Alternative Investment Management Association Representing alternative asset managers globally
We are all aware of the four freedoms which characterise the European Union. We all agree that these constitute the fundamental pillars on which the internal market operates….. But is this really the case?
Decades after the establishment of the four freedoms, including the freedom to provide services throughout all European Member States, it appears that these rights are being undermined. What is even more astonishing is that the freedom to provide services is being restricted, or wilfully ignored, by those same European institutions that should be the guarantors thereof.
Originally, the Council and the Commission painstakingly ensured to render effective the freedom of the provision of services by credit institutions and investment firms. Indeed the Banking Directive was the first European legislative instrument which created the concept of a passport right for credit institutions on the basis of a harmonised authorisation regime. That is, in recognition of the fact that the different licensing requirements imposed on banks by each Member State of the European Union effectively constituted a barrier to entry, the Banking Directive sought to (i) harmonise the authorisation requirements for credit institutions in the European Union, and (ii) create a passport right for European credit institutions wishing to provide banking services in other European jurisdictions. In other words, a level playing field was created so that the licensing requirements applicable to credit institutions in any European jurisdiction would not result in a barrier to entry to the provision of banking and ancillary services in any other European Member State. Once national differences were ironed out, credit institutions could provide banking services in all European Member States, either by setting up a branch, or on a cross-border basis. The same passport right was granted by MIFID to investment services firms.
Interestingly, both the Banking Directive and MIFID regulate the provision of custody services. Whereas however, at present, the safekeeping of securities and the provision of safe custody services are principal activities subject to mutual recognition in terms of the Banking Directive, MIFID lists the provision of safekeeping services, including custodianship for financial instruments, as an ancillary service. This should change with the coming into force of MIFID II, which, provided that the current approach is retained, will ensure that the safekeeping and custody of financial instruments becomes licensable as a main activity.

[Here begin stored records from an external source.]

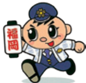
県警シンボル・マスコット「ふっけい君」

110番は緊急電話 相談ごとは#9110 「110番」は、事件・事故などの緊急専用ダイヤルです。相談ごとなどの急を要しない通報は、「#9110」※ダイヤル回線からは、092-641-9110へ電話して下さい。
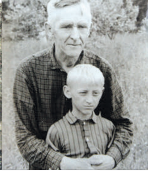
Батько із сином.
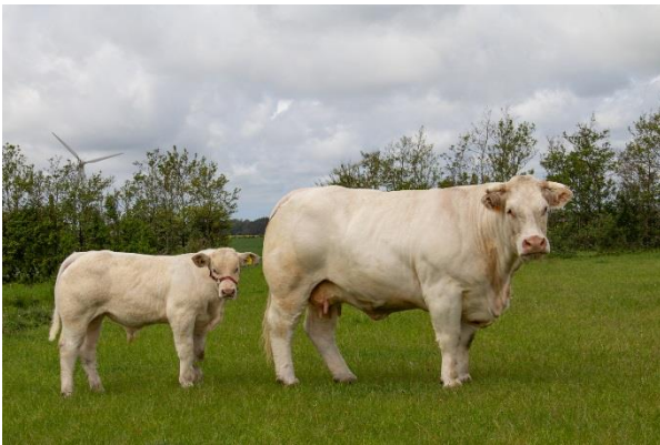
Judee med sin tredje kalv fra januar 2019, tyrekalven Paw-g. Far er den franske tyr, Himalaya. Judee med tyrekalv udstilles på Landsskuet 2019.
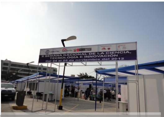
Entrada hacia la Semana Nacional de la Ciencia, Tecnología e Innovación

Del 24 al 27 de noviembre se realizó la Semana Nacional de la Ciencia, Tecnología e Innovación 2012 , organizada por el Consejo Nacional de Ciencia, Tecnología e Innovación (CONCYTEC) aquí se presentaron los prototipos e innovaciones a nivel escolar, universitario, institucional y empresarial del Perú y el Mundo, este importante evento se realizó en el Parque de la Exposición de la Ciudad de Lima.
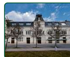
EFI SPA Hotel, Brno, Nám. 28. října
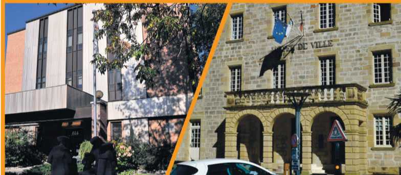
Mairie de Brive
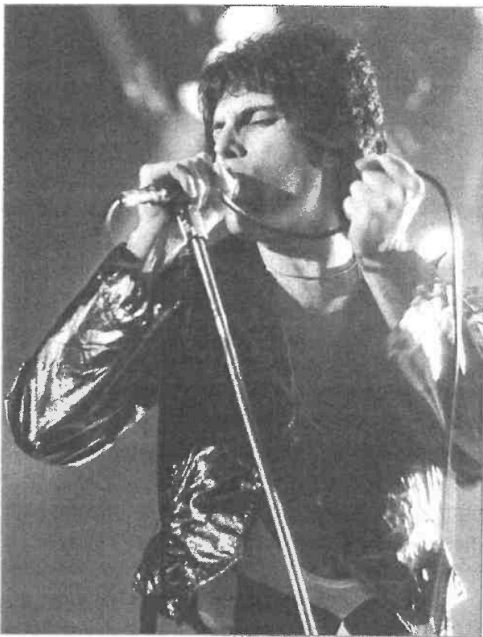
Freddie Mercury, Komponist und Leadsänger der Band Queen
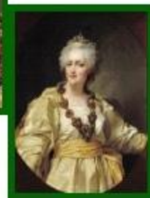
Екатерина II 1762-1796
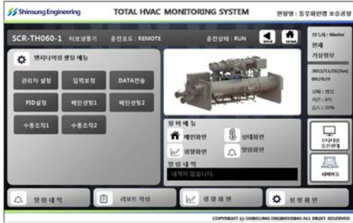
(그림 7) 공조장치 모니터링 화면

공조 제어 웹 서비스는 HTML5 로 개발되었으며 사용 편의성을 위하여 가독성 있는 GUI를 제공하였다.
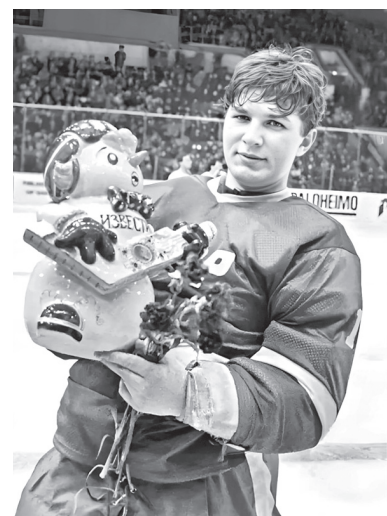
мегазвезда - Гретцки, Мессье, Коффи, Андерсон, Курри...

Иногда, конечно, вспыхивал, напоминал, что «мастерство не пропьешь», как, например, в выставочном матче с «Вашингтоном» в СКК в 1989 году. Причем даже этого хватало, чтобы про него вспомнил не кто-нибудь, а «Эдмонтон» - сильнейший на тот момент клуб НХЛ, где мегазвезда на
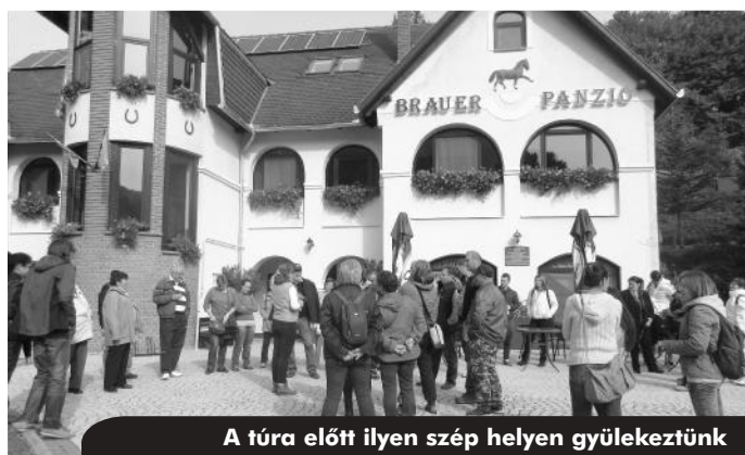
A túra előtt ilyen szép helyen gyülekeztünk
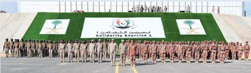
إكساب المشاركين مهارات تنفيذ الخطط العسكرية المشتركة

الرياض. العُمانية: بدأت بالملكة العربية السعودية مجريات التمرين العسكري العُماني السعودي المشترك «تضامن ١»، بمشاركة قوة من كتيبة ساحل عُمان بلواء المشاة (٢٣) بالجيش السلطاني العُماني، وقوة من الكتيبة الثانية من مجموعة اللواء العشرين بالملكة العربية السعودية. تضمن
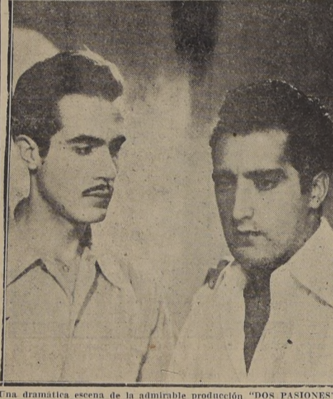
Una dramática escena de la admirable producción "DOS PASIONES", que Columbia Pictures estrena el martes próxima en el Teatro Continental.
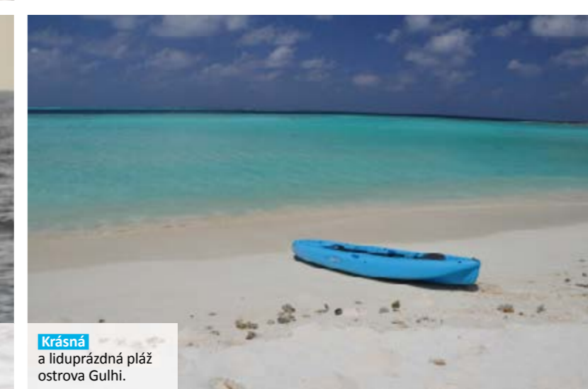
Krásná a liduprázdňá pláž ostrova Gulhi.
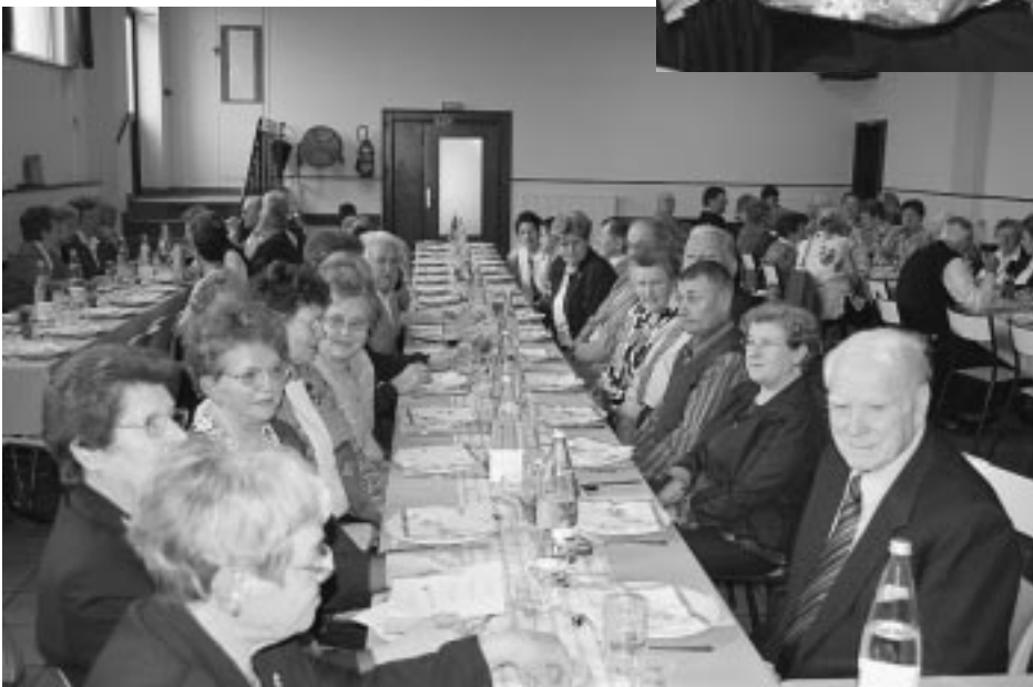
Les aînés, hôtes de la municipalité
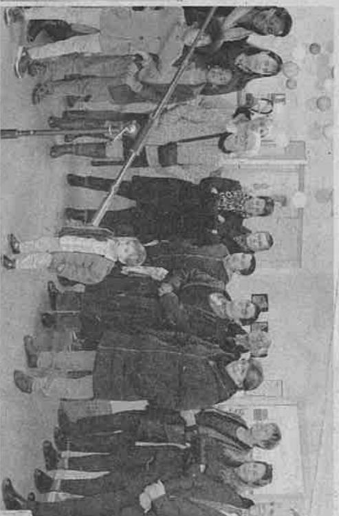
Les personnalités ont coupé le traditionnel ruban avant les discours qui ont été prononcés devant un auditoire attentif.
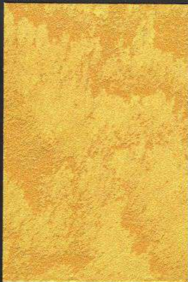
Spiagge Gold 4630 Effetto Taffetà
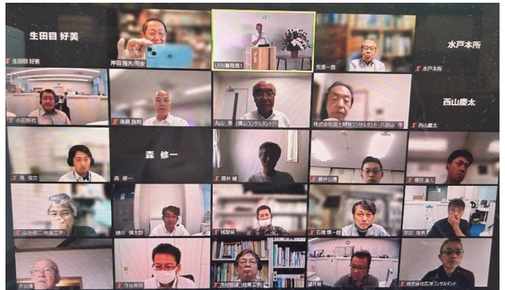
写真 セミナー終了時の映像
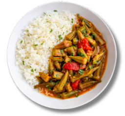
18,9 بامية مع أو بدون لحم البقر والأرز
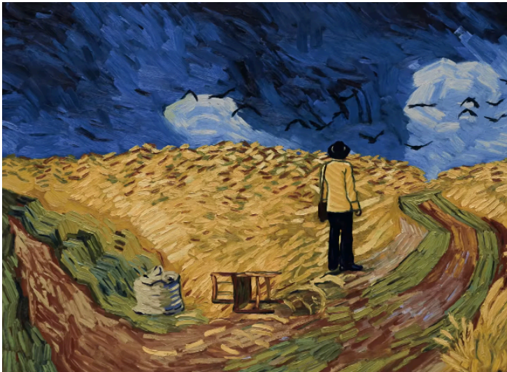
Fig. 14. Dorota Kobiela y Hugh Welchman, Loving Vincent , 2017. Género: ficción. Fotograma digital, Polonia y Reino Unido: BreakThru Productions, Trademark Films.
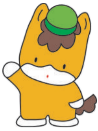
群馬県のマスコット 「ぐんまちゃん」 30-160004
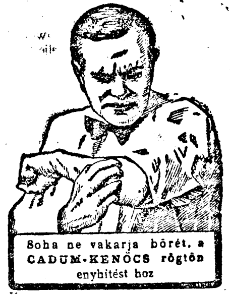
Böha ne vakarja bőrét. a CADUM-KENŐCS rögtön enyhítést hoz
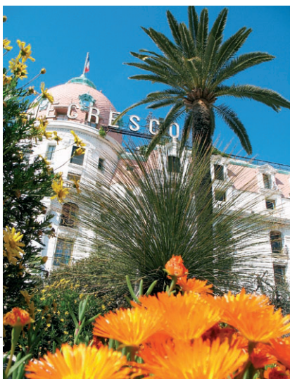
for. © Pascale | Dreamstime.com

W Nicei najczęściej odwiedzane przez turystów jest Muzeum Narodowe Marca Chagalla (Musée National Marc Chagall) . W placówce zgromadzono dzieła wybitnego malarza francuskiego – pochodzącego z rosyjskiej rodziny żydowskiej: Marca Chagalla (1887–1985). Są wśród nich słynne obrazy o tematyce biblijnej, bogaty zbiór szkiców, medziorytów, litografii, kilka rzeźb
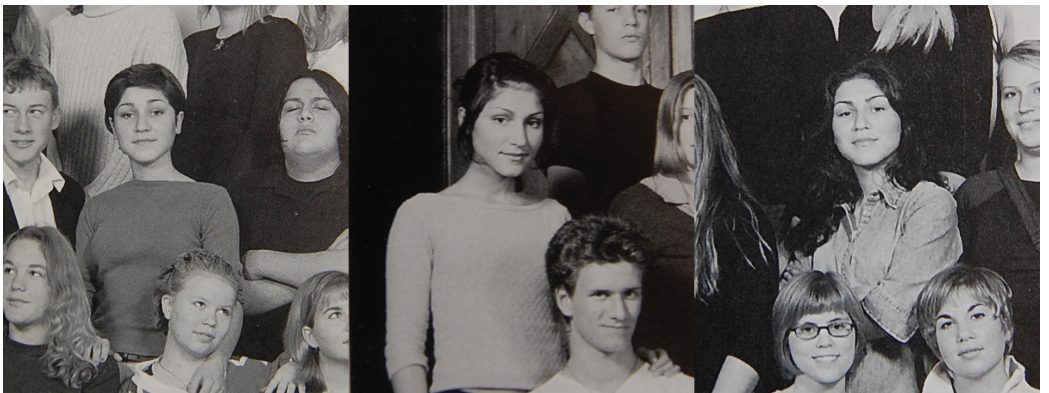
Laleh genom åren.
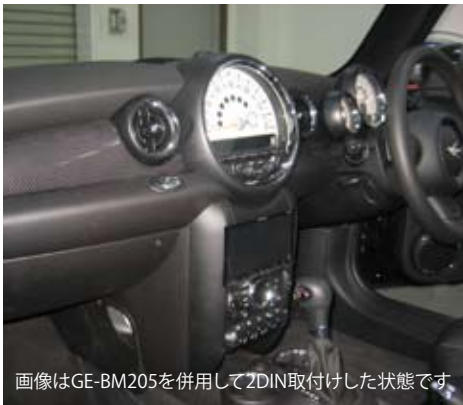
画像はGE-BM205を併用して2DIN取付けした状態です
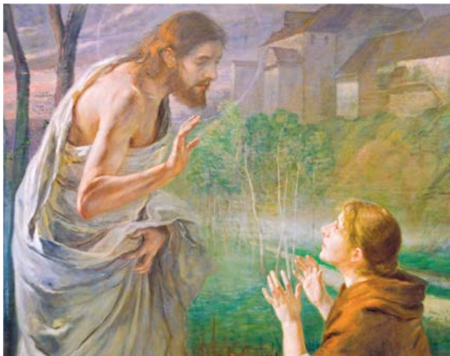
Fritz von Uhde: Nedotýkej se mě (1894)

A tady se dostáváme k vlastnímu smyslu onoho zjevování oslaveného Krista některým ženám a učedníkům ve čtyřicetidenním období od velikonoční neděle k nanebevstoupení. Ježíš jistě mohl „vstoupit na nebe“ hned při svém Zmrtvýchvstání. Ve skutečnosti byl Ježíš „u Otce“ skutečně již od svého Vzkříšení, ona čtyřicetidenní lhůta byla nutná pro nás jako jakýsi čas příprav a vedení k plnému pochopení pravdy, jako čas vnitřního budování Kristovy církve. Ona vidění žen a apoštolů bývala často napadána jako subjektivní výmysly zdrcených Ježíšových přátel či jako dodatečné snahy o smysluplný výklad Je-
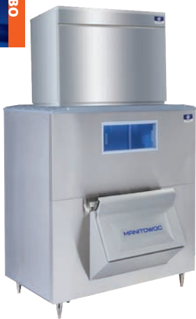
ST3000WH Con recipiente LB1760
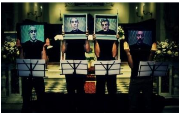
Marcantonio Lunardi, The Choir 2013
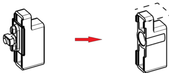
Rys. 3 Zmiana w zestawie 821509 -> 833201
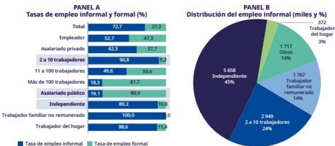
Figura 4. Población ocupada con empleo informal y formal durante el 2019

laboral porque no se implementaron mecanismos de protección ante la pérdida de los ingresos de los trabajadores que fueron suspendidos perfectamente. Ante lo referido, se ha recomendado transitar de la informalidad a la formalidad mediante medidas económicas para generar condiciones que impulsen la creación de empleos formales en los sectores productivos.

The net effect of this is – or should be – that a credit institution or an investment firm, authorised by a European Member State in terms of the relevant directive to provide custody services, may provide these services in other European jurisdictions simply by exercising the passport rights granted by that same directive.
But is it really so? No. Notwithstanding these passport rights, based on the fundamental principle of freedom to provide services, AIFMD and UCITS IV provide that such funds may only appoint as custodians credit institutions or investment firms established in the home member state of the UCITS or the AIF.
It follows that a depositary for a UCITS or an AIF must have a physical presence in the jurisdiction where the fund is located. In other words, credit institutions or investment firms authorised in any European Member State in terms of the relative directive to provide custody services, may not exercise the passport rights granted by the directive regulating their activities, because another European directive regulating the operations of the fund itself precludes it.
At best this is a contradiction. At worse, it’s a clear disregard of the fundamental freedom characterising the European Union. The next question is obvious: is this difference in treatment justified?
The standard reply would typically be that this is justified in terms of investor protection. But is this really the case? Thinking about it from an investor protection perspective, what distinguishes an investor – retail or otherwise – who opens a managed account, from another investor who invests in a UCITS fund or an AIF? Nothing. In both circumstances, the manager must take into account the risk profile of the investor before making an investment for its client or allowing the investor to invest in the fund. Indeed, the only marked difference is in the obligations imposed on depositaries of funds, which are subject to more onerous obligations in terms of the relative directive. If anything, these obligations are a further safeguard of investors’ interest.
From an investors’ interest perspective, one can argue that the possibility of having “depository platforms” or even a European centre of excellence for depositaries should lead to a reduction of operational costs and achieve economies of scale, thereby increasing competition. As a result, investors would benefit from reduced costs and greater quality of service.
Seen from this perspective, the ‘investor protection’ rationale does not hold water. It is therefore neither justified nor necessary to restrict one of the fundamental freedoms on such grounds.
The restrictive eligibility criteria for depositaries have given rise to a ‘depositary passport’ debate. The truth is that the depositary passport already exists. It is exercisable in terms of the Banking Directive and MIFID. UCITS VI and AIFMD II do not need to cater for it. The best interest of investors and the bolstering of competition in the internal market demand the cessation of such disproportionate and discriminatory treatment in respect of depositaries established in one jurisdiction and not in another. The failure to do so will result in a disproportionate monetary burden being suffered by investors in those Member States which do not have access to a myriad of depositaries.